Look for the line containing "Таким родителям по" and the line containing "Read morePor segunda" in the entries below. Copy those two and all lines between them exactly, leaving out pictures.

==== Extracted material

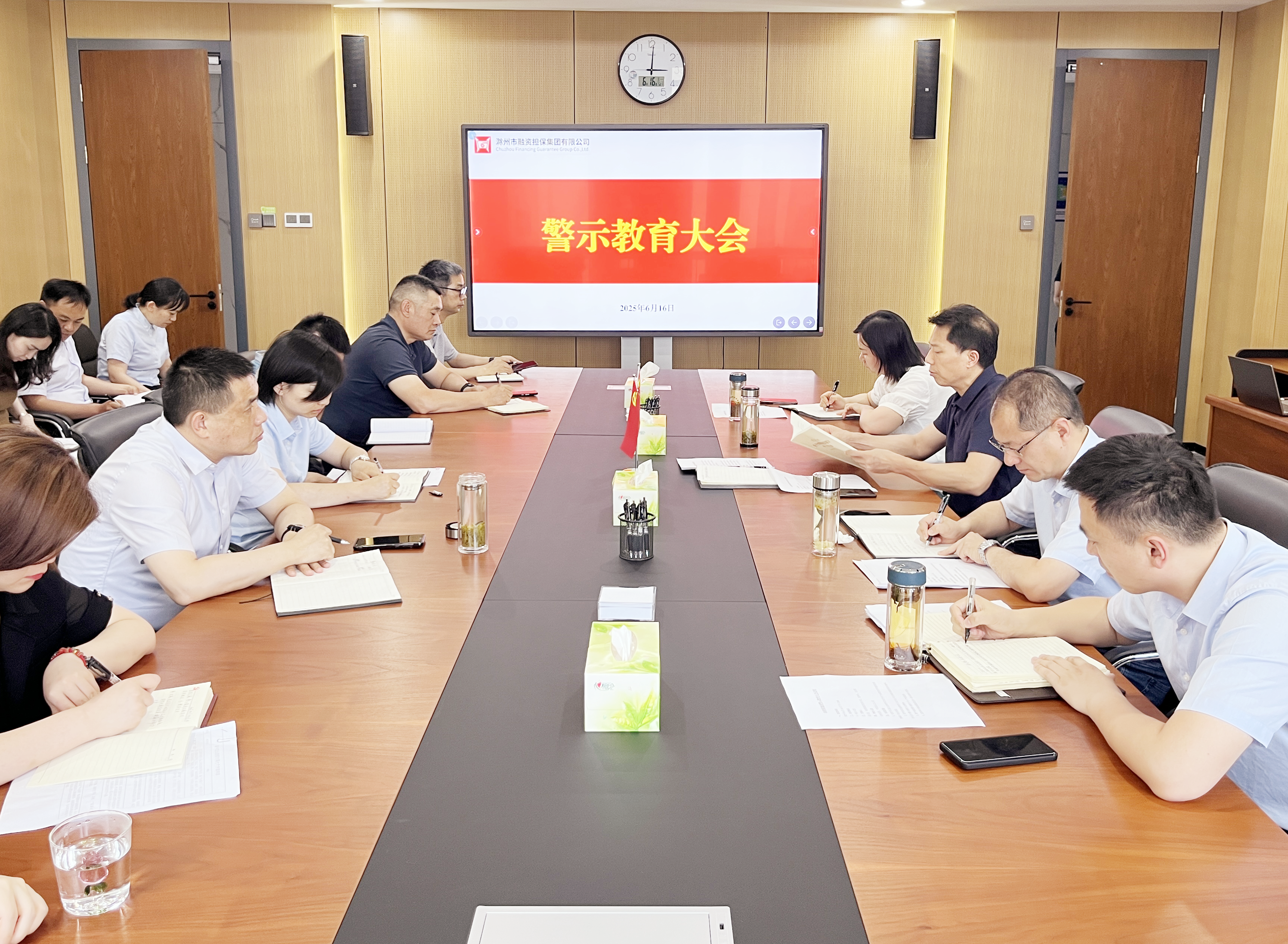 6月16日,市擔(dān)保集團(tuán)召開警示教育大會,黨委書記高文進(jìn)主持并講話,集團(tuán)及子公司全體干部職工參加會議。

========
==== Extracted material

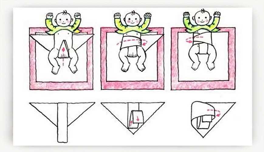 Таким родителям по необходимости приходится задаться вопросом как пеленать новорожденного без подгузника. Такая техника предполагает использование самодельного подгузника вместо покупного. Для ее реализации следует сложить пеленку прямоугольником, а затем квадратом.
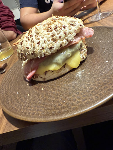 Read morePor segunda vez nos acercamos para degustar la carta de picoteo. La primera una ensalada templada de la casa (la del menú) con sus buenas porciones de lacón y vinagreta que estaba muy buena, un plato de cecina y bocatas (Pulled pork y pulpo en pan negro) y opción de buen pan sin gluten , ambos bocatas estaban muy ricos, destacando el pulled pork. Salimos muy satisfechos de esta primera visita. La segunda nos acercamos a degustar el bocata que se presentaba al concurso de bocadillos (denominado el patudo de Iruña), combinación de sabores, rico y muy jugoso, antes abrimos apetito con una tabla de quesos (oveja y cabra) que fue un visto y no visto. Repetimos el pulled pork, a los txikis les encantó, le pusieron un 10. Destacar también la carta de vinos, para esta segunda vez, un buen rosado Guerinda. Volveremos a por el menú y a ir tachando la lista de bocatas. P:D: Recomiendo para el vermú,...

========

### Task response
 Таким родителям по необходимости приходится задаться вопросом как пеленать новорожденного без подгузника. Такая техника предполагает использование самодельного подгузника вместо покупного. Для ее реализации следует сложить пеленку прямоугольником, а затем квадратом.
 Read morePor segunda vez nos acercamos para degustar la carta de picoteo. La primera una ensalada templada de la casa (la del menú) con sus buenas porciones de lacón y vinagreta que estaba muy buena, un plato de cecina y bocatas (Pulled pork y pulpo en pan negro) y opción de buen pan sin gluten , ambos bocatas estaban muy ricos, destacando el pulled pork. Salimos muy satisfechos de esta primera visita. La segunda nos acercamos a degustar el bocata que se presentaba al concurso de bocadillos (denominado el patudo de Iruña), combinación de sabores, rico y muy jugoso, antes abrimos apetito con una tabla de quesos (oveja y cabra) que fue un visto y no visto. Repetimos el pulled pork, a los txikis les encantó, le pusieron un 10. Destacar también la carta de vinos, para esta segunda vez, un buen rosado Guerinda. Volveremos a por el menú y a ir tachando la lista de bocatas. P:D: Recomiendo para el vermú,...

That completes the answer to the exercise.